Today, the Bank of England’s (BOE) starts its two-day meeting, which will culminate in tomorrow’s decision on interest rates.
The meeting comes at an interesting period for the global financial markets. As you already know, global markets have seen significant swings in the past two days. These swings have wiped out most gains they had established in the first month.
The market turbulence started on Friday when the Bureau of Labor Statistics (BLS) announced the January’s jobs numbers, which beat expectations. After this release, global investors started thinking again about the chances of high inflation which would trigger an increased pace of rate increases.
Therefore, today’s meeting comes at a very different time compared to the previous meeting when everything seemed normal.
For this meeting, investors expect the bank to leave interest rates unchanged at 0.50%. Therefore, tomorrow, traders will not focus on the headline numbers.
Instead, they will focus on two things. First, they will focus on the letter from Governor Carney to Philip Hammond explaining the current rate of inflation. As you recall, the rate of inflation in December soared to 3.1%, triggering the letter-writing scenario. In January, the inflation rate dropped marginally to 3.0%.

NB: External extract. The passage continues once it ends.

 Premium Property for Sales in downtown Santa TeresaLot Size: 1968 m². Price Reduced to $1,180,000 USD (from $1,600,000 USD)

Second, they will focus on the statement from the MPC. This statement will help them decide on the expected pace of rate increases.

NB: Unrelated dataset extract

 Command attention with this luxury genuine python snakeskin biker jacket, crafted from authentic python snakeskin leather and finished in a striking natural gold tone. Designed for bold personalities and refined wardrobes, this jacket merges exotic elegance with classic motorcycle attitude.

In the recent past, despite the increasing market volatility, traders have placed a 50% chance that the BoE will hike interest rates in May. They have also priced in two more rate hikes, possibly in September and in December.
The problem for this is that sky-high expectations often lead to disappointments.As you recall, in the November meeting, the BoE raised interest rates for the first time. While traders were pleased with the headline number, they were disappointed that the officials omitted language they had used previously saying the markets were underpricing the rate trajectory. At the end, the pound fell by more than 14 bps while the 10-year gilt yields fell by 8 bps. This was the biggest drop since the rate cut in 2016.